==== DATA UNDER STUDY
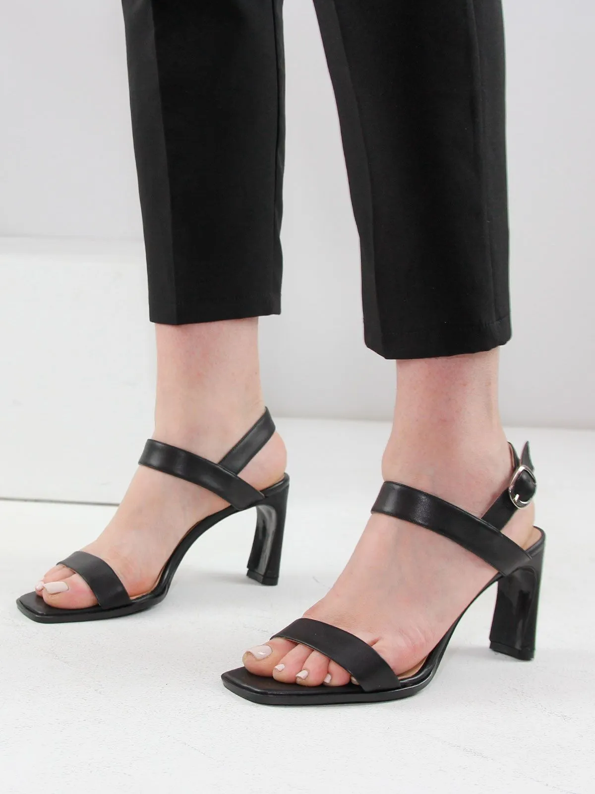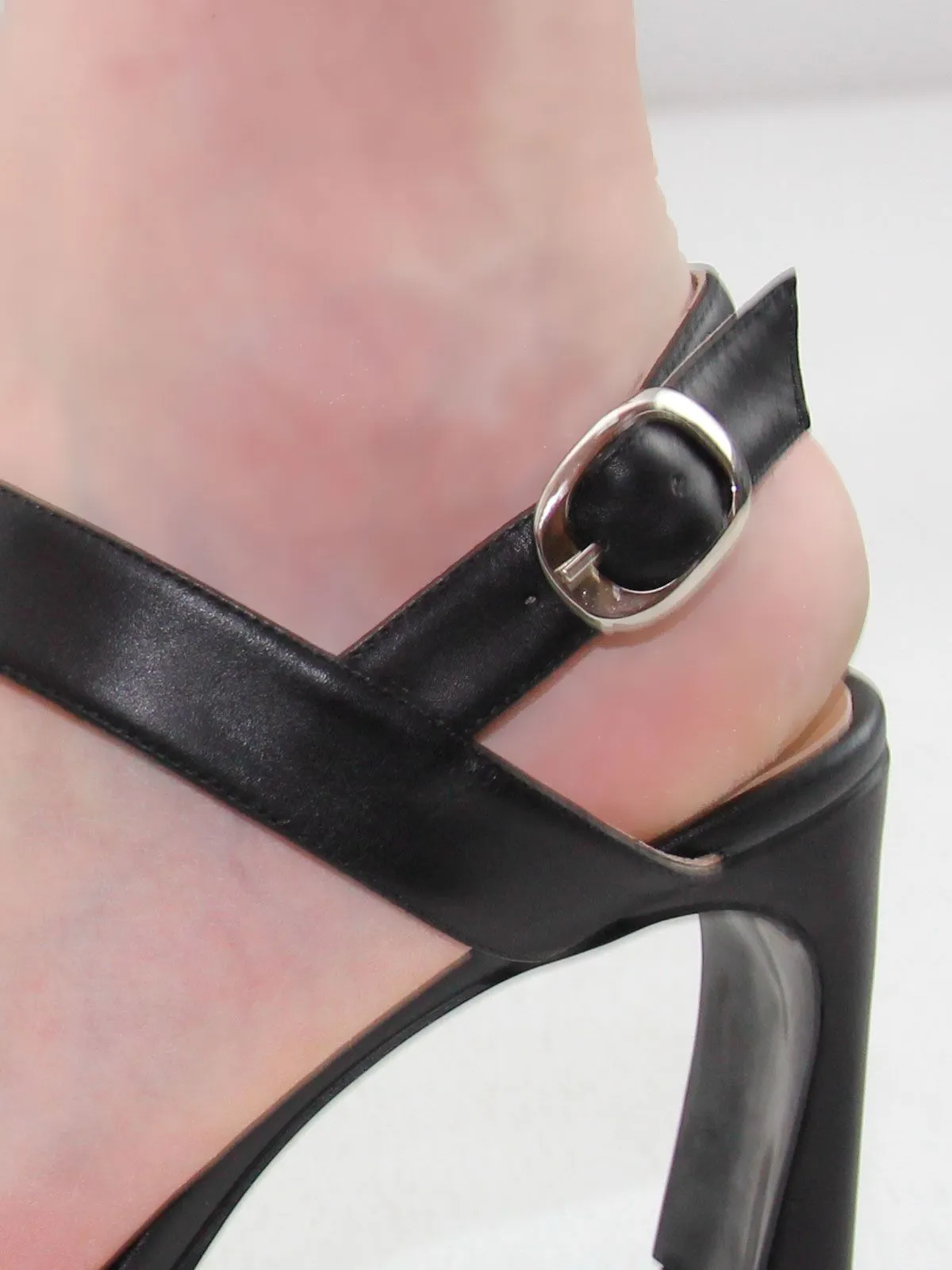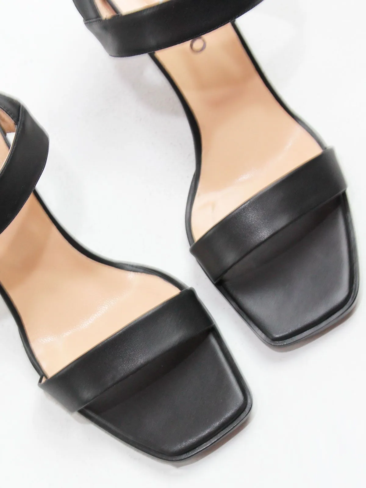 Летние босоножки из натуральной матовой кожи в классическом чёрном цвете. Изящный дизайн босоножек на высоком каблуке 9см визуально стройнит и придаёт образу уверенности.
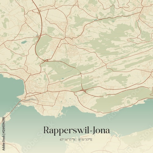 Vintage map of Rapperswil-Jona, Switzerland.
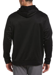 When the weather cools, layer up with this Callaway men’s golf hoodie and keep playing. Fleece fabrication provides lightweight warmth and the comfy hood adds an extra layer of coverage when you need it. The sun-protective fabric guards your skin against harmful UV rays. On or off the course, this golf pullover has you covered with its long sleeves and handy kangaroo pocket.
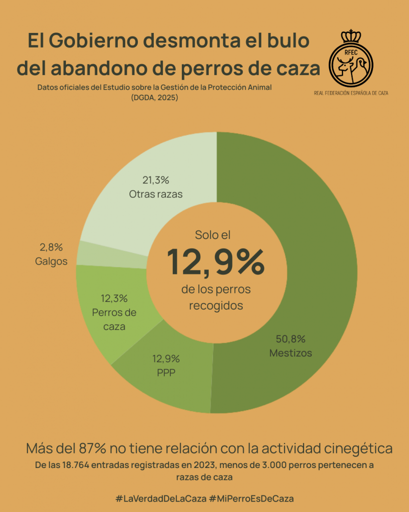 Dato central: ➡️ Solo el 12,9 % de los perros recogidos son de razas de caza, lo que significa que el 87,1% no tienen que ver con la actividad cinegética ➡️ Menos de 3.000 perros realmente perdidos o abandonados en toda España. Compártelo...
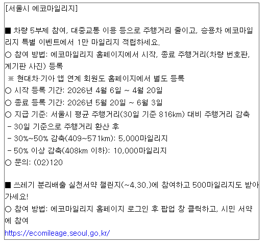 중동 상황 관련 승용차 에코마일리지 특별 이벤트 추진 안내
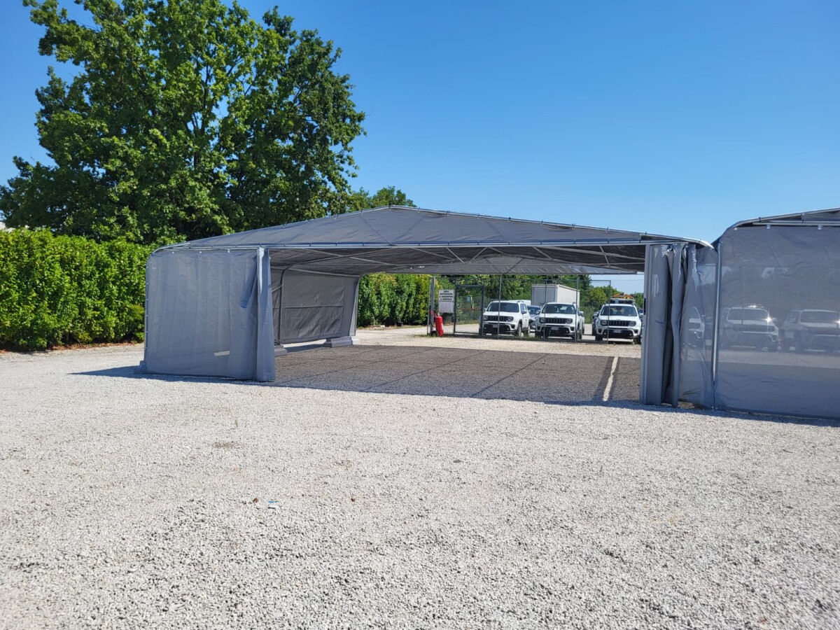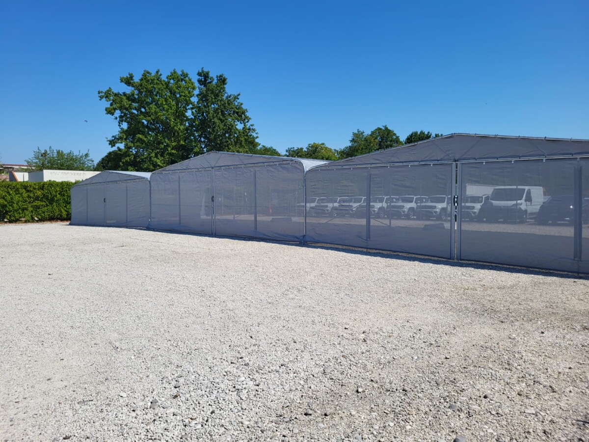 La struttura è stata realizzata secondo le esigenze del cliente, che ha voluto le chiusure scorrevoli più la copertura sui laterali.
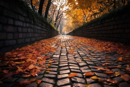 Autumn alley with fallen leaves and brick pavement. Selective focus.
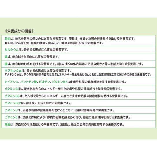 イノシトール 87mg、パラアミノ安息香酸 85mg、コリン 85mg、パントテン酸 17mg、レシチン 13mg、ビタミンB1 12mg、ビタミンB2 12mg、ナイアシン 12mg、ビタミンB6 10mg、葉酸 200μg、ビオチン 85μg、ビタミンB12 17μg
========
EXERCISE GOAL - Write out, word for word, the stretch of entries that begins at the line with "When the weather" and ends at the line with "Autumn alley with". Pictures do not belong in it.

ANSWER TO THE PROBLEM -
 When the weather cools, layer up with this Callaway men’s golf hoodie and keep playing. Fleece fabrication provides lightweight warmth and the comfy hood adds an extra layer of coverage when you need it. The sun-protective fabric guards your skin against harmful UV rays. On or off the course, this golf pullover has you covered with its long sleeves and handy kangaroo pocket.
 Dato central: ➡️ Solo el 12,9 % de los perros recogidos son de razas de caza, lo que significa que el 87,1% no tienen que ver con la actividad cinegética ➡️ Menos de 3.000 perros realmente perdidos o abandonados en toda España. Compártelo...
 중동 상황 관련 승용차 에코마일리지 특별 이벤트 추진 안내
 La struttura è stata realizzata secondo le esigenze del cliente, che ha voluto le chiusure scorrevoli più la copertura sui laterali.
 Autumn alley with fallen leaves and brick pavement. Selective focus.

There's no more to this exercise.